■ **AIM OF THE TASK**: Before returning the data, strip out the pictures and keep everything else exactly the same.

■ **RECORDED DATA**:
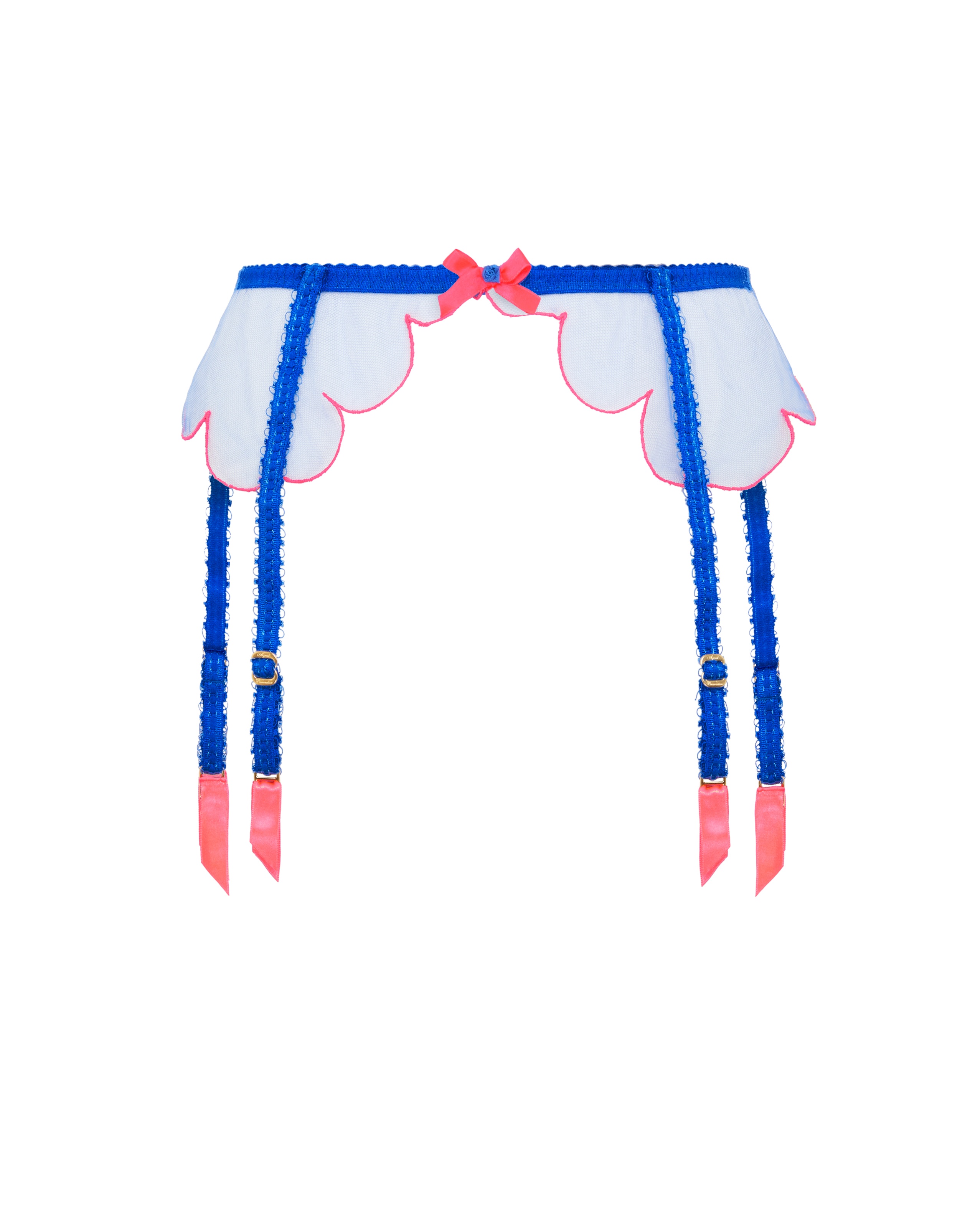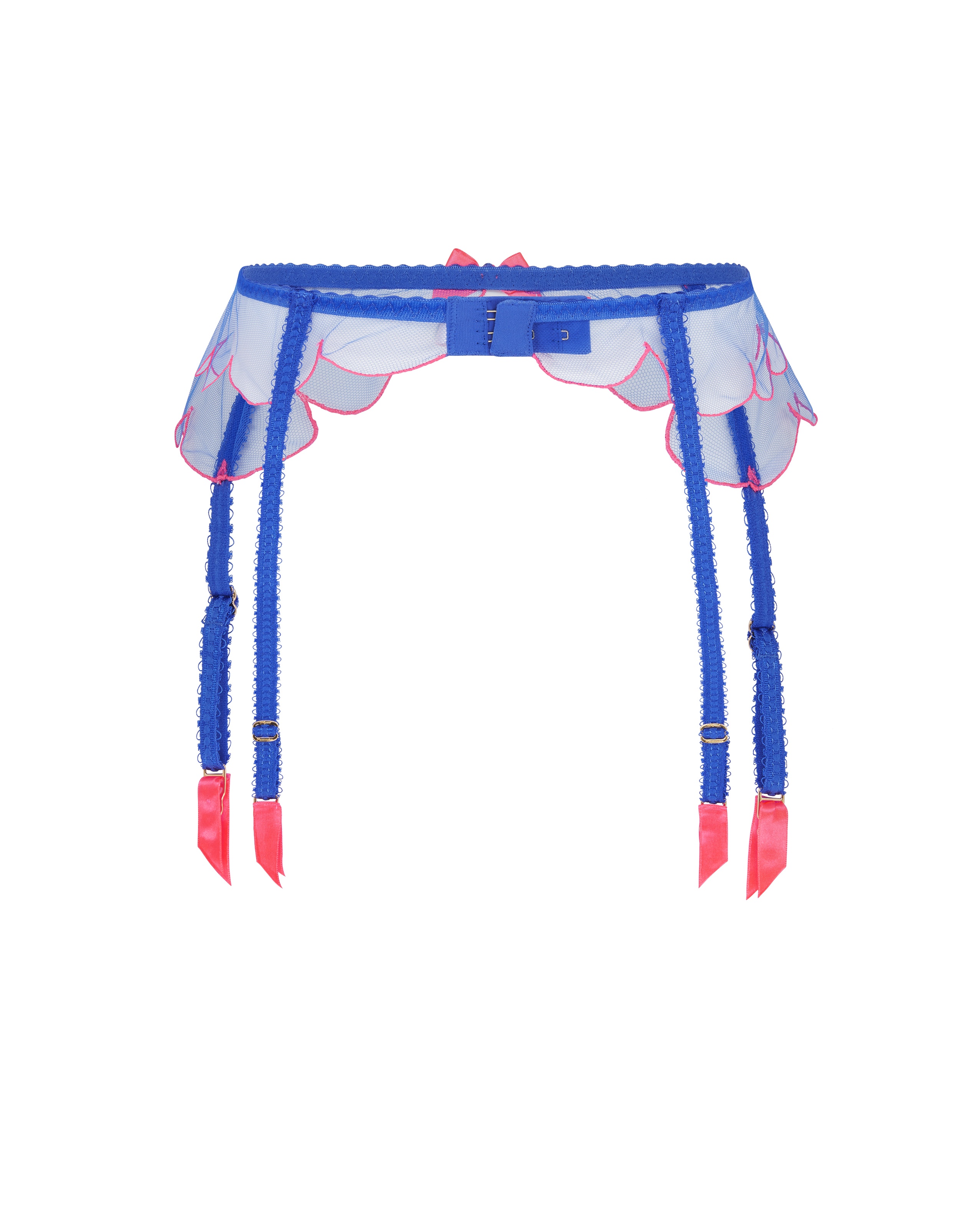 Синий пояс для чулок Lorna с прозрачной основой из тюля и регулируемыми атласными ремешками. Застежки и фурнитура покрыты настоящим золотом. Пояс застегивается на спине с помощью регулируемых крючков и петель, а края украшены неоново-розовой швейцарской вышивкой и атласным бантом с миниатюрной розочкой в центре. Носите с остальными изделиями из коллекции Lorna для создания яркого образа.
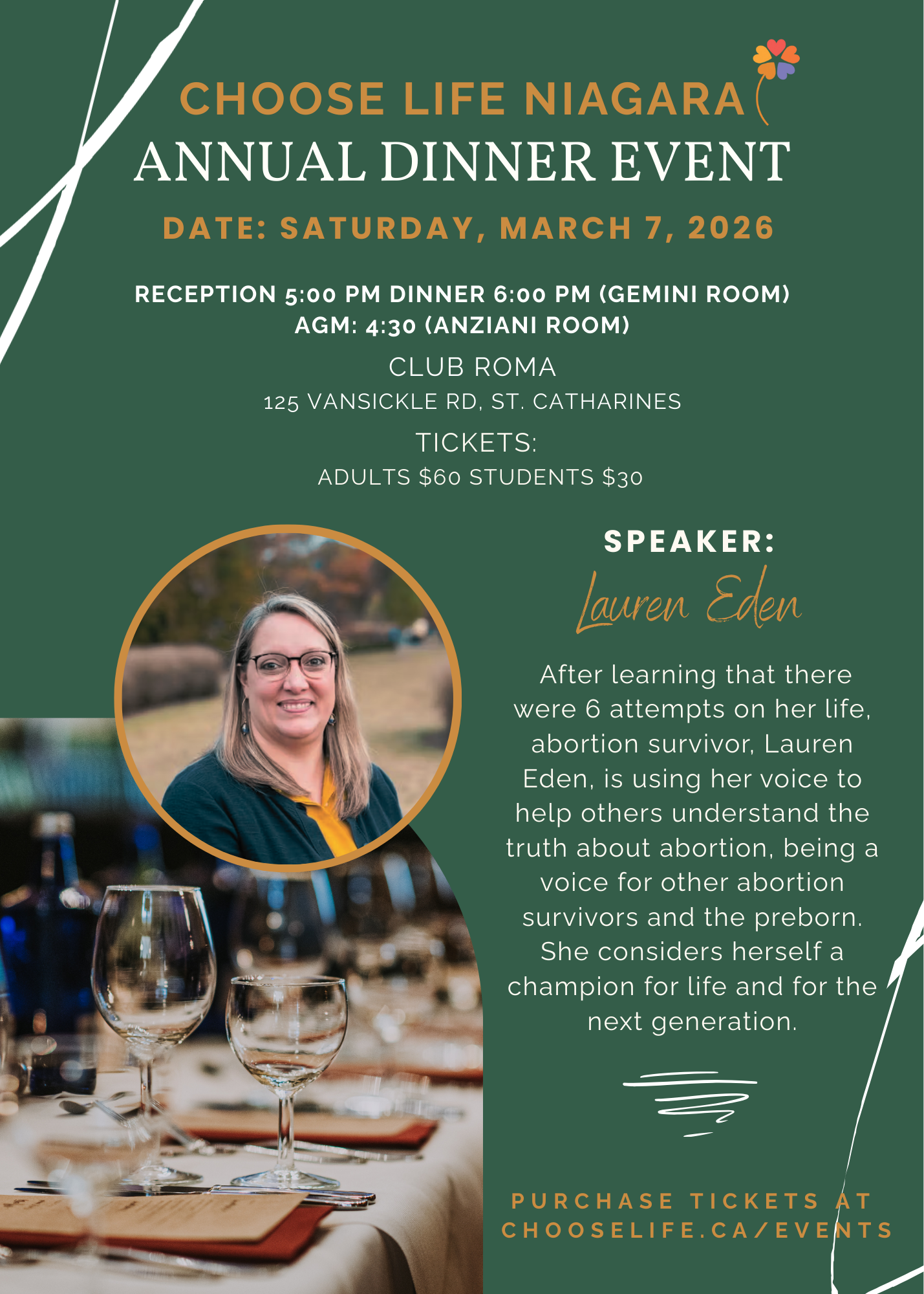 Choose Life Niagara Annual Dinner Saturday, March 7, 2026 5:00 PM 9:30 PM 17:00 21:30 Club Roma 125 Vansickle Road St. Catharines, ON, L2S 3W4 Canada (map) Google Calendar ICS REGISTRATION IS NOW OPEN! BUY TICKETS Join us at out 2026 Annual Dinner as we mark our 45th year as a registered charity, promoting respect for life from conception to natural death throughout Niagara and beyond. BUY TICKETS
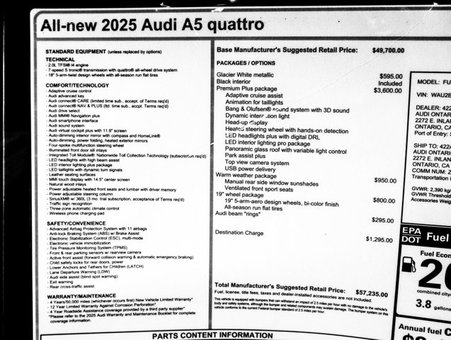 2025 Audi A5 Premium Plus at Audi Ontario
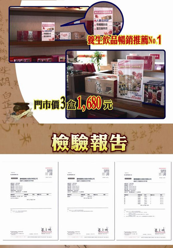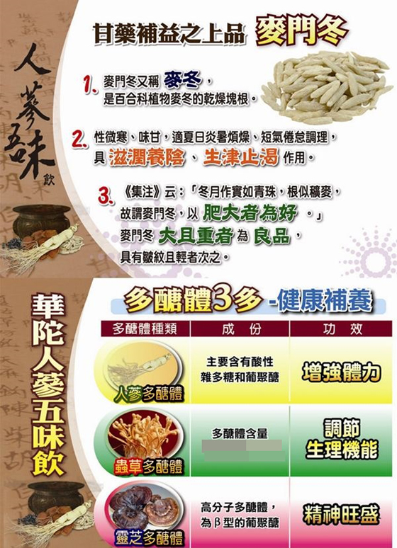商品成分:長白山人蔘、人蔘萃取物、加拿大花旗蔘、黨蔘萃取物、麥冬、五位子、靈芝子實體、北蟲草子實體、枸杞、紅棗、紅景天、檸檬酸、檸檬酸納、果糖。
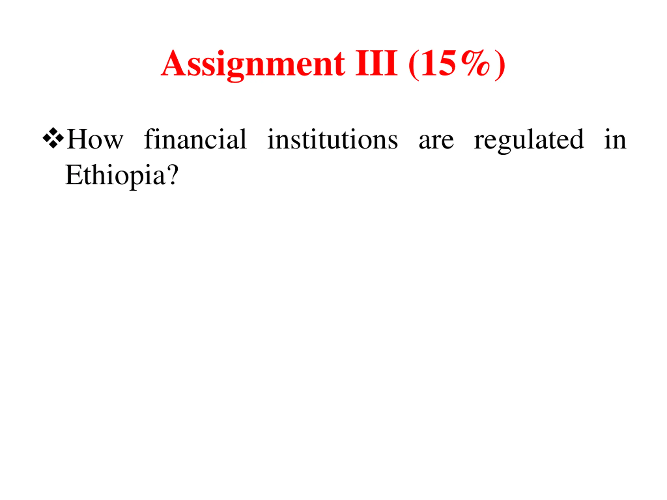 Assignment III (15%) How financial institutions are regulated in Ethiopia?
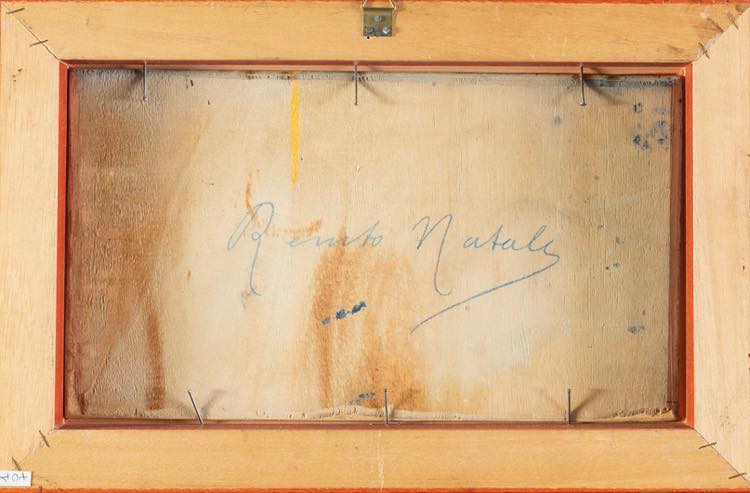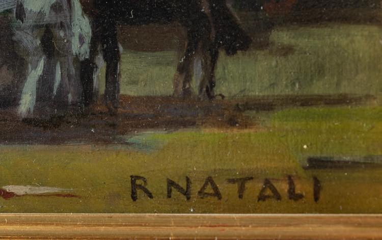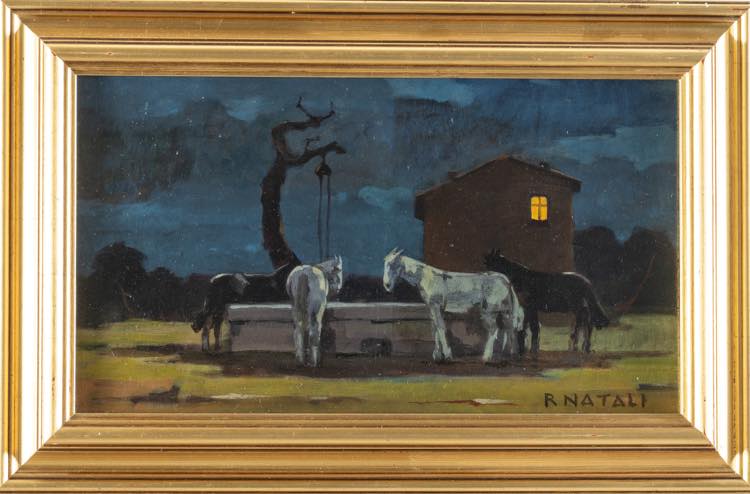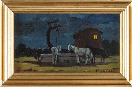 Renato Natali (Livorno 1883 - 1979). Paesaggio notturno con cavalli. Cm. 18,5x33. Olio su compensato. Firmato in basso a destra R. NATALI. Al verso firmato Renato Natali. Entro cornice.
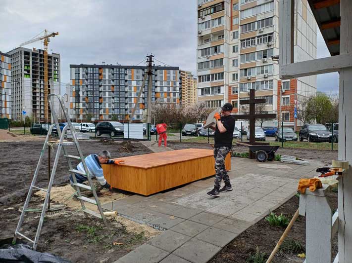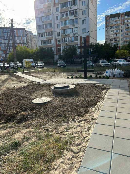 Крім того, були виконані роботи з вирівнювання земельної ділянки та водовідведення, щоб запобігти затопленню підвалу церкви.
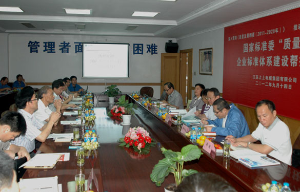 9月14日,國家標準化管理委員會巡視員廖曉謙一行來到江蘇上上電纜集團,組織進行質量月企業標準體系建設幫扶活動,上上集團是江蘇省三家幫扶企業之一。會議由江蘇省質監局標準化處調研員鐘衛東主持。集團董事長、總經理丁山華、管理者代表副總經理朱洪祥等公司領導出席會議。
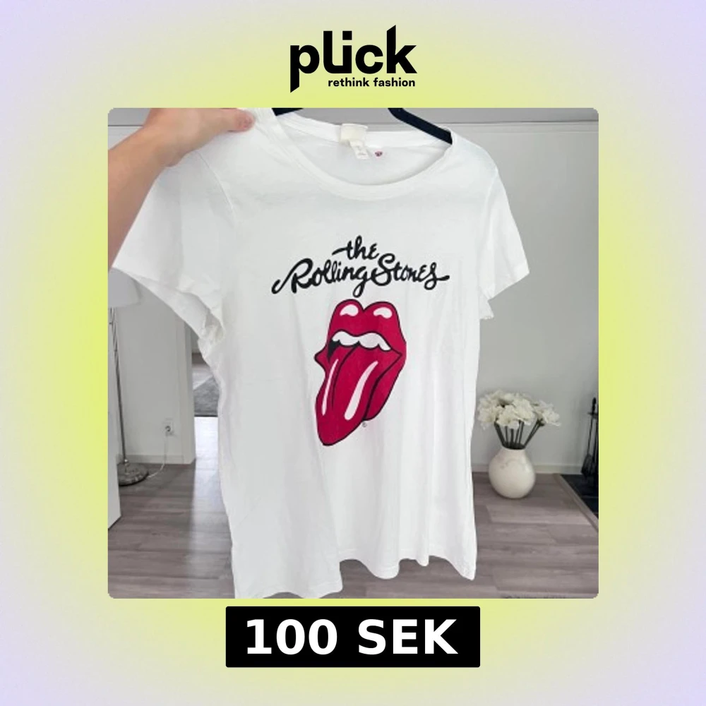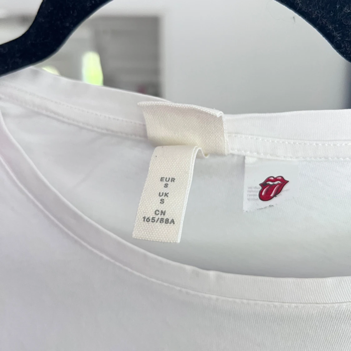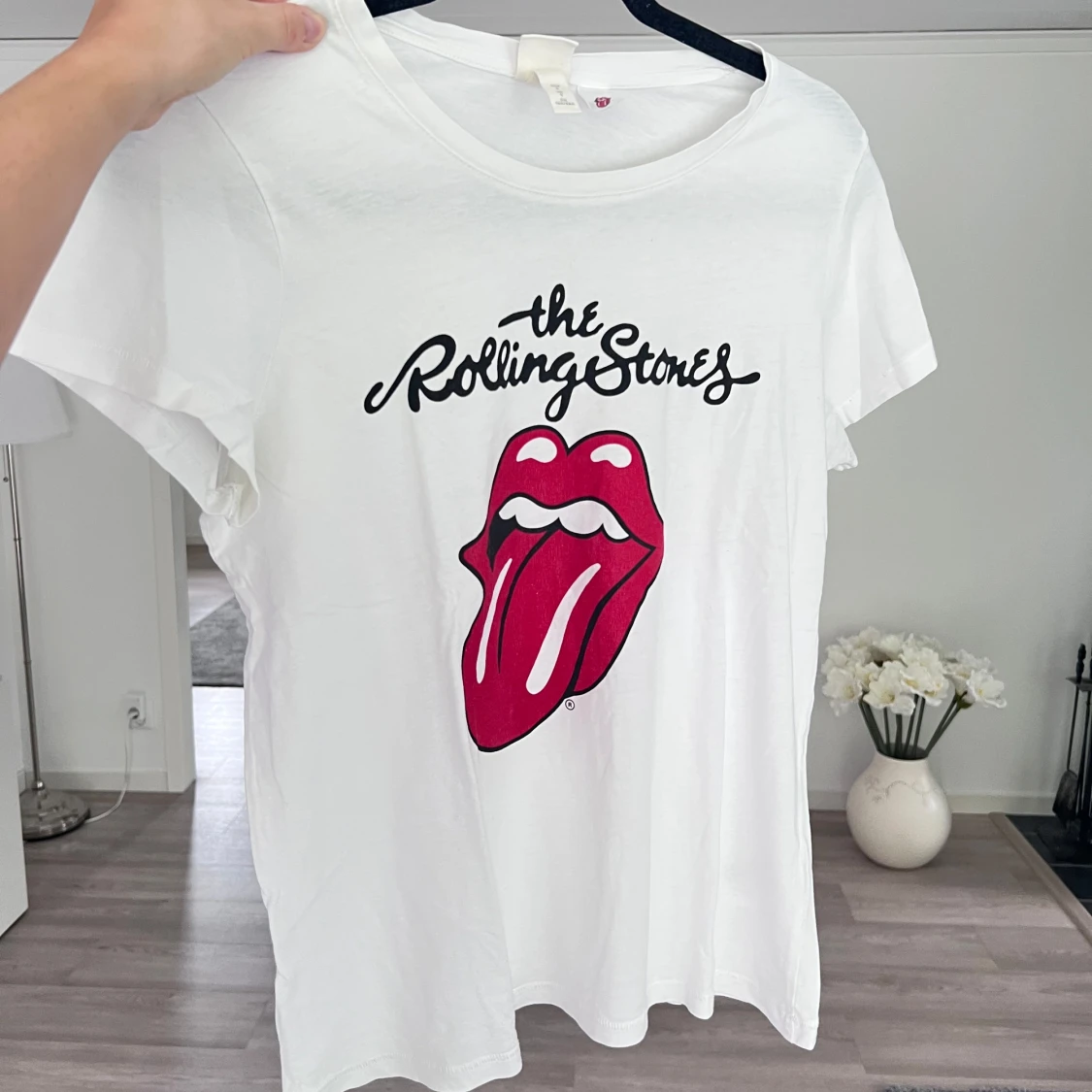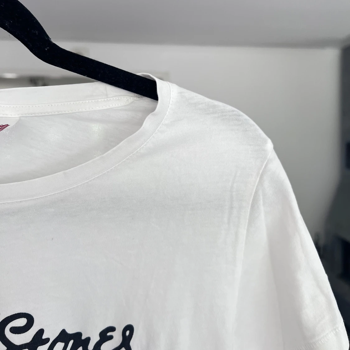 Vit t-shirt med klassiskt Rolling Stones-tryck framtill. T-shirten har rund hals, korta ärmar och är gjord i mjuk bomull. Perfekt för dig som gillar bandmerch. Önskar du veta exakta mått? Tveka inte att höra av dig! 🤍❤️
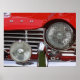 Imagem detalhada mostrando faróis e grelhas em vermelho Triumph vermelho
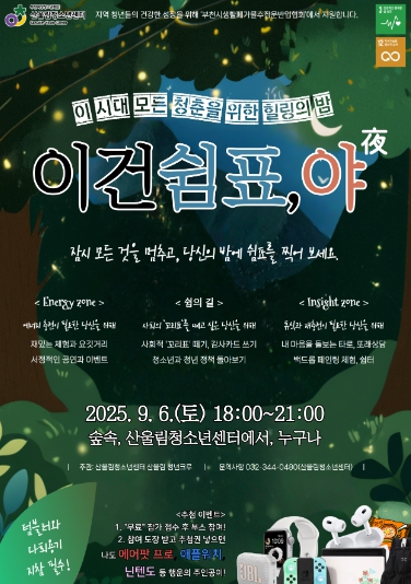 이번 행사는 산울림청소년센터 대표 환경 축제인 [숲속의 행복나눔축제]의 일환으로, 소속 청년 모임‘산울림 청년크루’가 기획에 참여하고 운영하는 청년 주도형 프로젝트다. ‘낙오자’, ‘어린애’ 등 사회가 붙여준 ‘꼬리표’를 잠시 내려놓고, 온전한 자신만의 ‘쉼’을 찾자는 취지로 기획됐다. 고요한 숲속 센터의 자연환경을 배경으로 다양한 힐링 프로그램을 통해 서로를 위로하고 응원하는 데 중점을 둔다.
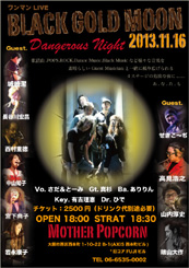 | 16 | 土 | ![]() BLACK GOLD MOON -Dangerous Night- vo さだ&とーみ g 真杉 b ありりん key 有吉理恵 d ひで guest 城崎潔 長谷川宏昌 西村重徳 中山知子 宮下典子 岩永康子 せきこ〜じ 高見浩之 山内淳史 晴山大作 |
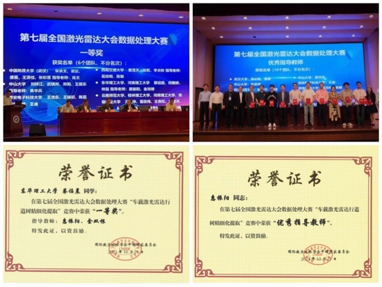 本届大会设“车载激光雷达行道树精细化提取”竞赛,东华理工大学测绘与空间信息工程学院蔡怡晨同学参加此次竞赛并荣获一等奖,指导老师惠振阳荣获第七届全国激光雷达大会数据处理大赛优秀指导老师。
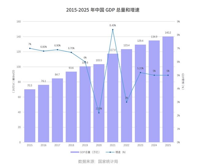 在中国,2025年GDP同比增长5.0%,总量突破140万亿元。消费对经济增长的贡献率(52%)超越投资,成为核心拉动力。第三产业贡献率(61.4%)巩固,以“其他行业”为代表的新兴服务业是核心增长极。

■ **FINISHED EXERCISE**:
 Синий пояс для чулок Lorna с прозрачной основой из тюля и регулируемыми атласными ремешками. Застежки и фурнитура покрыты настоящим золотом. Пояс застегивается на спине с помощью регулируемых крючков и петель, а края украшены неоново-розовой швейцарской вышивкой и атласным бантом с миниатюрной розочкой в центре. Носите с остальными изделиями из коллекции Lorna для создания яркого образа.
 Choose Life Niagara Annual Dinner Saturday, March 7, 2026 5:00 PM 9:30 PM 17:00 21:30 Club Roma 125 Vansickle Road St. Catharines, ON, L2S 3W4 Canada (map) Google Calendar ICS REGISTRATION IS NOW OPEN! BUY TICKETS Join us at out 2026 Annual Dinner as we mark our 45th year as a registered charity, promoting respect for life from conception to natural death throughout Niagara and beyond. BUY TICKETS
 2025 Audi A5 Premium Plus at Audi Ontario
商品成分:長白山人蔘、人蔘萃取物、加拿大花旗蔘、黨蔘萃取物、麥冬、五位子、靈芝子實體、北蟲草子實體、枸杞、紅棗、紅景天、檸檬酸、檸檬酸納、果糖。
 Assignment III (15%) How financial institutions are regulated in Ethiopia?
 Renato Natali (Livorno 1883 - 1979). Paesaggio notturno con cavalli. Cm. 18,5x33. Olio su compensato. Firmato in basso a destra R. NATALI. Al verso firmato Renato Natali. Entro cornice.
 Крім того, були виконані роботи з вирівнювання земельної ділянки та водовідведення, щоб запобігти затопленню підвалу церкви.
 9月14日,國家標準化管理委員會巡視員廖曉謙一行來到江蘇上上電纜集團,組織進行質量月企業標準體系建設幫扶活動,上上集團是江蘇省三家幫扶企業之一。會議由江蘇省質監局標準化處調研員鐘衛東主持。集團董事長、總經理丁山華、管理者代表副總經理朱洪祥等公司領導出席會議。
 Vit t-shirt med klassiskt Rolling Stones-tryck framtill. T-shirten har rund hals, korta ärmar och är gjord i mjuk bomull. Perfekt för dig som gillar bandmerch. Önskar du veta exakta mått? Tveka inte att höra av dig! 🤍❤️
 Imagem detalhada mostrando faróis e grelhas em vermelho Triumph vermelho
 이번 행사는 산울림청소년센터 대표 환경 축제인 [숲속의 행복나눔축제]의 일환으로, 소속 청년 모임‘산울림 청년크루’가 기획에 참여하고 운영하는 청년 주도형 프로젝트다. ‘낙오자’, ‘어린애’ 등 사회가 붙여준 ‘꼬리표’를 잠시 내려놓고, 온전한 자신만의 ‘쉼’을 찾자는 취지로 기획됐다. 고요한 숲속 센터의 자연환경을 배경으로 다양한 힐링 프로그램을 통해 서로를 위로하고 응원하는 데 중점을 둔다.
 | 16 | 土 | ![]() BLACK GOLD MOON -Dangerous Night- vo さだ&とーみ g 真杉 b ありりん key 有吉理恵 d ひで guest 城崎潔 長谷川宏昌 西村重徳 中山知子 宮下典子 岩永康子 せきこ〜じ 高見浩之 山内淳史 晴山大作 |
 本届大会设“车载激光雷达行道树精细化提取”竞赛,东华理工大学测绘与空间信息工程学院蔡怡晨同学参加此次竞赛并荣获一等奖,指导老师惠振阳荣获第七届全国激光雷达大会数据处理大赛优秀指导老师。
 在中国,2025年GDP同比增长5.0%,总量突破140万亿元。消费对经济增长的贡献率(52%)超越投资,成为核心拉动力。第三产业贡献率(61.4%)巩固,以“其他行业”为代表的新兴服务业是核心增长极。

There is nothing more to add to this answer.